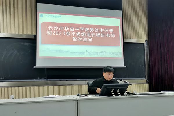图为长沙市华益中学教务处主任兼初2023级年级组组长程砣致辞
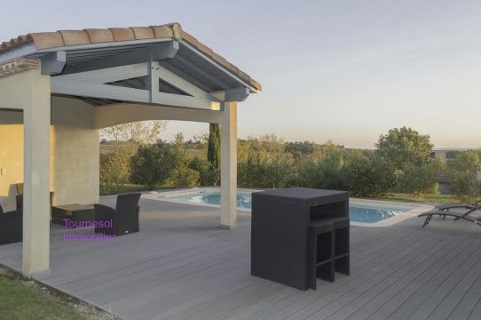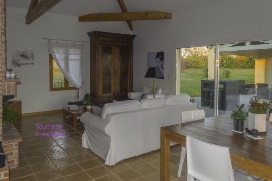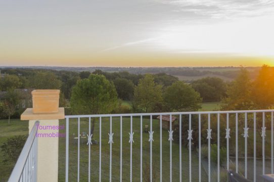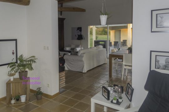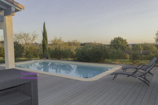 Toute proche de Mauvezin une belle et vaste villa de charme en parfait état. De plain pied une belle entrée dessert un double séjour avec cheminée avec accès direct sur la terrasse et le très cosy espace piscine. Cuisine équipée, cellier, 3 chambres parquetées, salle de bains et toilettes séparées . Le 1er étage est consacré à l’espace parents avec une jolie suite composée d’une grande chambre parquetée avec terrasse privative offrant une jolie vue sur la campagne, d’un dressing, d’une salle d’eau et de toilettes séparées.
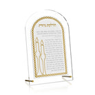 Elevate your Shabbos and Yom Tov Hadlakos Neiros with the stunning Woven Leatherite Hadlakos Neiros Card. Featuring premium textured leather in silver or gold with exquisitely embroidered details all enclosed between crystal clear lucite for lasting beauty. A sophisticated, durable keepsake that brings elegance to your most meaningful moments.
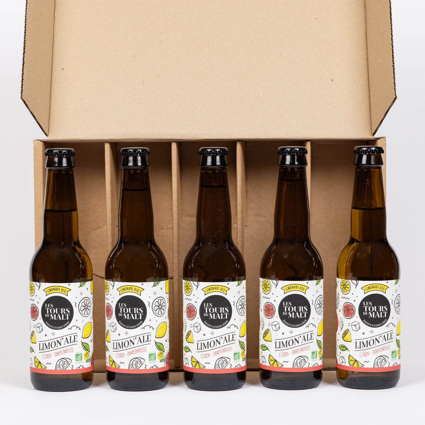 5 bouteilles de limonade artisanale (33cl), élaborées avec soin par le duo père & fils Hervé et Clément, de la brasserie Les Tours du Malt.
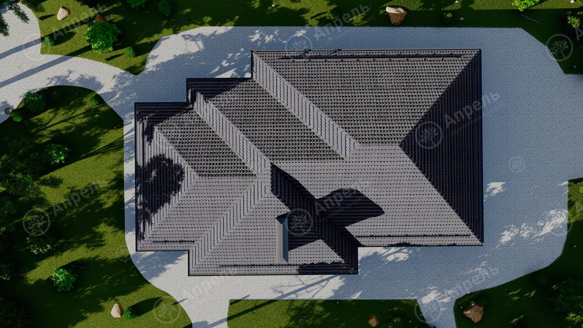 Стропильный каркас (доска сечением 200х50 мм), обрешетка (доска сечением 150х25 мм). Контробрешетка из бруска (50х50 мм). Пропитка пиломатериала огнебиозащитой. Ветро-влагозащитная мембрана Изоспан. Кровля — металлочерепица Grand Line (толщина 0,5 мм). Обшивка свесов кровли виниловыми софитами, монтаж ветровой планки.
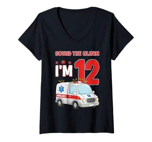Women's Sound The Alarm I'm 12 Years Old Birthday Kid Ambulance V-Neck T-Shirt
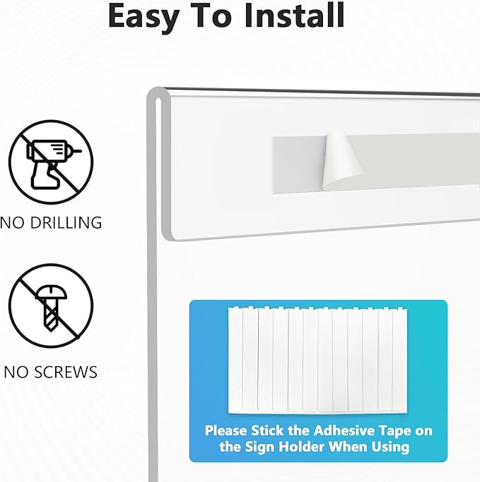 - Easy Installation:The acrylic sign holder 5x7 uses double-sided tape, which can be directly pasted and installed without the need for screws, drilling, and tools, making it more convenient. Almost applicable to any flat surface, such as dry walls, metal, plastic, wood, glass, etc.
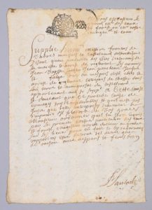 LANTADE, S. [Pièce signée]. [Plainte pour infraction au droit de chasse]. S. l. n. d. [vers 1700] INFRACTION AU DROIT DE CHASSE SUR LES TERRES DE FRANÇOIS DE VABRES, MARQUIS DE CASTELNAU. LES NOMS DES BRACONNIERS SONT Dénoncés Manuscrit, 1 p. in-8, encre brune (172 x 245mm). “Supplie humblement Messire de Vabres, marquis de Castelnau [...] au préjudice des édits de Sa Majesté et arrêt de règlement, les nommés Jean Taysse [...] ont [...] entrepris de chasser dans les terres et marquisat de Castelnau”... Pâle mouillure au centre de la feuille
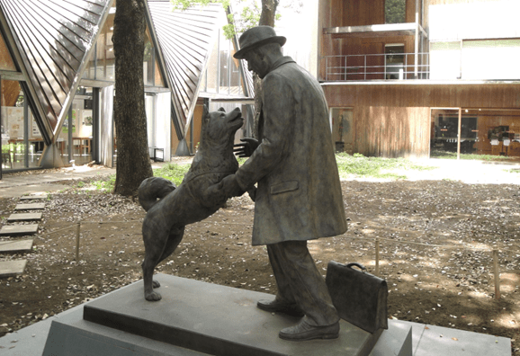 | ハチ公と上野英三郎博士像 |
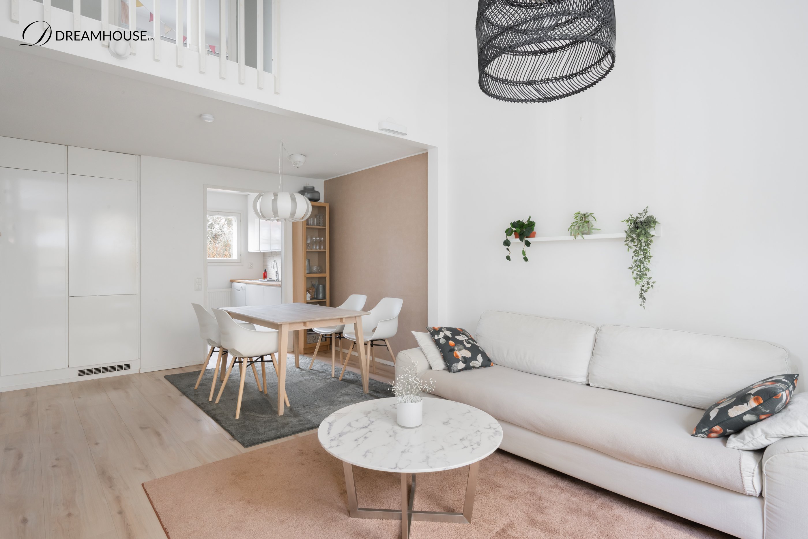 Alakerrassa on tilava ja valoisa olohuone, jonka korkea kattokorkeus tuo lisää tilan tuntua. Olohuoneesta on käynti omalle suojaisalle terassipihalle, joka on aidattu. Keittiössä on tilaa kokkailla, sen viereen mahtuu hyvän kokoinen ruokapöytä. Vielä lähes uudenveroinen kylpyhuone on remontoitu vuonna 2020. Kylpyhuoneen yhteydessä on sauna. Yläkerrassa on kaksi makuuhuonetta. Säilytystilaa on kaapistoissa ja häkkivarastossa. Yhtiö lämpiää kaukolämmöllä ja siellä on valokuitu.

****************************************

# Instructions for the task
When copying the records, reproduce every entry exactly and omit all pictures.

# Answer to this exercise
图为长沙市华益中学教务处主任兼初2023级年级组组长程砣致辞
 Toute proche de Mauvezin une belle et vaste villa de charme en parfait état. De plain pied une belle entrée dessert un double séjour avec cheminée avec accès direct sur la terrasse et le très cosy espace piscine. Cuisine équipée, cellier, 3 chambres parquetées, salle de bains et toilettes séparées . Le 1er étage est consacré à l’espace parents avec une jolie suite composée d’une grande chambre parquetée avec terrasse privative offrant une jolie vue sur la campagne, d’un dressing, d’une salle d’eau et de toilettes séparées.
 Elevate your Shabbos and Yom Tov Hadlakos Neiros with the stunning Woven Leatherite Hadlakos Neiros Card. Featuring premium textured leather in silver or gold with exquisitely embroidered details all enclosed between crystal clear lucite for lasting beauty. A sophisticated, durable keepsake that brings elegance to your most meaningful moments.
 5 bouteilles de limonade artisanale (33cl), élaborées avec soin par le duo père & fils Hervé et Clément, de la brasserie Les Tours du Malt.
 Стропильный каркас (доска сечением 200х50 мм), обрешетка (доска сечением 150х25 мм). Контробрешетка из бруска (50х50 мм). Пропитка пиломатериала огнебиозащитой. Ветро-влагозащитная мембрана Изоспан. Кровля — металлочерепица Grand Line (толщина 0,5 мм). Обшивка свесов кровли виниловыми софитами, монтаж ветровой планки.
Women's Sound The Alarm I'm 12 Years Old Birthday Kid Ambulance V-Neck T-Shirt
 - Easy Installation:The acrylic sign holder 5x7 uses double-sided tape, which can be directly pasted and installed without the need for screws, drilling, and tools, making it more convenient. Almost applicable to any flat surface, such as dry walls, metal, plastic, wood, glass, etc.
 LANTADE, S. [Pièce signée]. [Plainte pour infraction au droit de chasse]. S. l. n. d. [vers 1700] INFRACTION AU DROIT DE CHASSE SUR LES TERRES DE FRANÇOIS DE VABRES, MARQUIS DE CASTELNAU. LES NOMS DES BRACONNIERS SONT Dénoncés Manuscrit, 1 p. in-8, encre brune (172 x 245mm). “Supplie humblement Messire de Vabres, marquis de Castelnau [...] au préjudice des édits de Sa Majesté et arrêt de règlement, les nommés Jean Taysse [...] ont [...] entrepris de chasser dans les terres et marquisat de Castelnau”... Pâle mouillure au centre de la feuille
 | ハチ公と上野英三郎博士像 |
 Alakerrassa on tilava ja valoisa olohuone, jonka korkea kattokorkeus tuo lisää tilan tuntua. Olohuoneesta on käynti omalle suojaisalle terassipihalle, joka on aidattu. Keittiössä on tilaa kokkailla, sen viereen mahtuu hyvän kokoinen ruokapöytä. Vielä lähes uudenveroinen kylpyhuone on remontoitu vuonna 2020. Kylpyhuoneen yhteydessä on sauna. Yläkerrassa on kaksi makuuhuonetta. Säilytystilaa on kaapistoissa ja häkkivarastossa. Yhtiö lämpiää kaukolämmöllä ja siellä on valokuitu.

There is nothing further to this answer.